Search code examples
c++linuxclangclang++

How to get templates instantiation statistics in clang on Linux?


I'm exploring different aspects of templates in C++ and want to dive into this topic a bit more.

For instance, I have a very simple function template in some header file:

template<typename T>
void foo(T value)
{
    (void)value;
}

And I want to get statistics how much time it has been instantiation during building some code. Ok, maybe getting this kind of statistics will be complicated. The overal amount of templates instantiations (10 times, 20 times and etc) during building some code will be enough for now.

For example I have the follings files: a.h a.cpp b.h b.cpp c.h c.cpp main.cpp and CMakeLists.txt. I completed the build process and want to get statistics.

I have tried to analyze the output of executing clang build with -ftime-report option, but it's not what I want to get. It's more about execution time and percentages of different parts of compilation and it's related to concrete translation unit.

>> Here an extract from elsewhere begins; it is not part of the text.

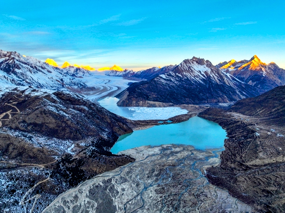 2025年12月1日,西藏昌都,八宿县然乌镇来古村,来古冰川迎来冬季最佳观赏期,风光壮美动人。来古冰川冰体晶莹剔透,与雪山、民居、湖水、朝霞相映成趣,展现出独特海洋性冰川的壮美奇观,让人流连忘返。

Is it possible to get these statistics?


Solution

  • If just the number of instantiations is enough (not the time spent on them), this should work:

    #include <cstddef>
    #include <iostream>
    #include <utility>
    
    inline int &GetCounter()
    {
        static int ret = 0;
        return ret;
    }
    
    template <typename T>
    static const auto register_type = []{
        GetCounter()++;
        return nullptr;
    }();
    
    template <typename T>
    void foo(T value)
    {
        (void)value;
    
        // Instantiate `register_type<T>`.
        (void)std::integral_constant<const std::nullptr_t *, &register_type<T>>{};
    }
    
    int main()
    {
        std::cout << GetCounter() << '\n'; // 3
    
        if (false)
        {
            foo(1);
            foo(1.2);
            foo(1.2);
            foo(1.2f);
            foo(1.2f);
        }
    }
    

    Note static on the register_type variable, which allows us to count duplicate instantiations done by different TUs.

    I believe this also means that foo() technically violates the one definition rule (since in each TU it uses a different register_type variable), but this shouldn't cause any issues in practice, since when the linker deduplicates those instantiations, it doesn't matter which one gets picked, as all of them compile to the same assembly anyway.


    If you do need the time spent on instantiations, I believe Clang's -ftime-trace is your best option. I'd run it for every TU, then combine the results somehow.